Figure 2. Effect of naproxen or NO-naproxen on UV-induced skin tumorigenesis

Groups of 20 female SKH-1 mice were placed on their experimental diets and exposed to UV irradiation thrice weekly. Tumors were counted weekly and the data calculated as the average number of tumors per mouse (panel A). Tumor multiplicity for 100 ppm naproxen was significantly (p= 0.05) different from the UV control group; 400 ppm naproxen and NO-naproxen were very significantly (p<0.001) different from the UV control. Tumor incidence (panel B) was calculated as the percentage of mice bearing tumors. Mice in the 400 ppm naproxen, 100 ppm and 400 ppm NO-naproxen groups developed tumors significantly (p<0.001 for all 3 groups) slower than the UV control.

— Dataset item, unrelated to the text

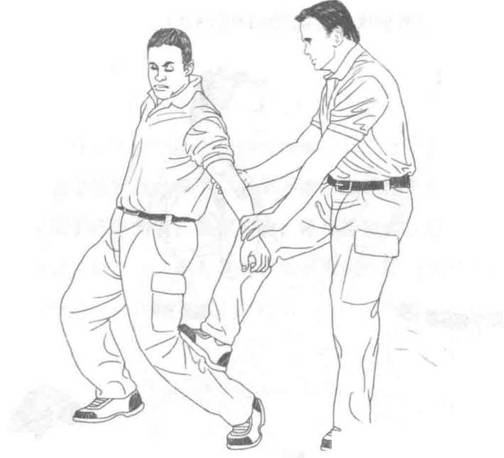 看起来是不是很简单(其实就是很简单)但只要采用适当的身体力学原理就可以起到四两拨千斤的效果。你不一定非要抓住嫌犯的手腕和肘部也可以抓住二头肌、皮带、肩膀或者衣领这个效果同样有效。当你抓住衣领的时候首先将对方拉向他的脚后跟然后下沉身体。如果你觉得这一动作还不足以控制住对方还可以在他迈开脚步前先用脚踹嫌犯的膝盖来破坏他的平衡(如图83)

Figure 3. Effect of aspirin or NO-aspirin on UV-induced skin tumorigenesis

Groups of 20 female SKH-1 mice were placed on their experimental diets and exposed to UV irradiation thrice weekly. Tumors were counted weekly and the data calculated as the average number of tumors per mouse (panel A). Tumor multiplicity for 60 ppm aspirin and 1350 ppm NO-aspirin were significantly (p<0.05) different from the UV control group; 750 ppm aspirin was very significantly (p<0.001) different from the UV control. Tumor incidence (panel B) was calculated as the percentage of mice bearing tumors. Although mice in the 1350 ppm aspirin group developed tumors more slowly than the other groups, this was not statistically different.

Figure 4. Effect of sulindac on UV-induced skin tumorigenesis

Groups of 20 female SKH-1 mice were placed on their experimental diets and exposed to UV irradiation thrice weekly. Tumors were counted weekly and the data calculated as the average number of tumors per mouse (panel A). Tumor multiplicity for 25 ppm and 150 ppm sulindac were very significantly (p<0.001) different from the UV control. Tumor incidence (panel B) was calculated as the percentage of mice bearing tumors. Mice in the 150 ppm sulindac group developed tumors significantly (p<0.001) slower than the UV control group.